## Calculus: Early Transcendentals 8th Edition

Apply the squeeze theorem to prove that $\lim\limits_{x\to0^+}\sqrt xe^{\sin(\frac{\pi}{x})}=0$.
1) We know that $$-1\leq \sin(\frac{\pi}{x})\leq1$$ 2) For $\geq1$, function $e^x$ increases as $x$ increases. So, $$e^{-1}\leq e^{\sin(\frac{\pi}{x})}\leq e^1$$ 3) Multiply by $\sqrt x$ throughout.
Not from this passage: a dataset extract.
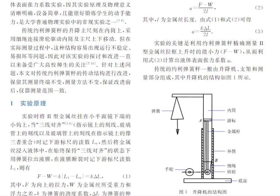 傳統約利彈簧秤的升降主尺刻在內筒上,采用細繩連接滑輪驅動內筒及主尺上下移動。但在實際測量過程中,這種結構容易出現運行不穩定、易損壞等問題,因此對該實驗的探討和改進一直以來備受廣大高校師生的關注。針對上述問題,本文對傳統約利彈簧秤的傳動結構進行改進,保留其測量終端不變,測量方法不變,保證改進前後,儀器測量範圍一致。
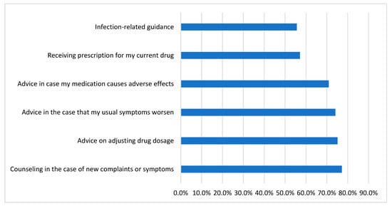 Figure 2 depicts rheumatic-disease-related medical disorders for which participants would prefer to receive teleconsultation advice. About 77% said they would use it for new complaint counseling, 75.1% for modifying prescription dosage, and 55.6% for infection-related advice.

The inequality direction would not change, since $\sqrt x\geq0$ for $\forall x\in R$ $$\sqrt xe^{-1}\leq\sqrt xe^{\sin(\frac{\pi}{x})}\leq\sqrt xe^1$$ 4) Now consider the following limits $\lim\limits_{x\to0^+}\sqrt xe^{-1}=\sqrt0\times e^{-1}=0$ $\lim\limits_{x\to0^+}\sqrt xe^1=\sqrt0\times e^1=0$ Therefore, $\lim\limits_{x\to0^+}\sqrt xe^{-1}=\lim\limits_{x\to0^+}\sqrt xe^1=0$ 5) Applying the sqeeze theorem to the findings in 3) and 4), we find that $$\lim\limits_{x\to0^+}\sqrt xe^{\sin(\frac{\pi}{x})}=0$$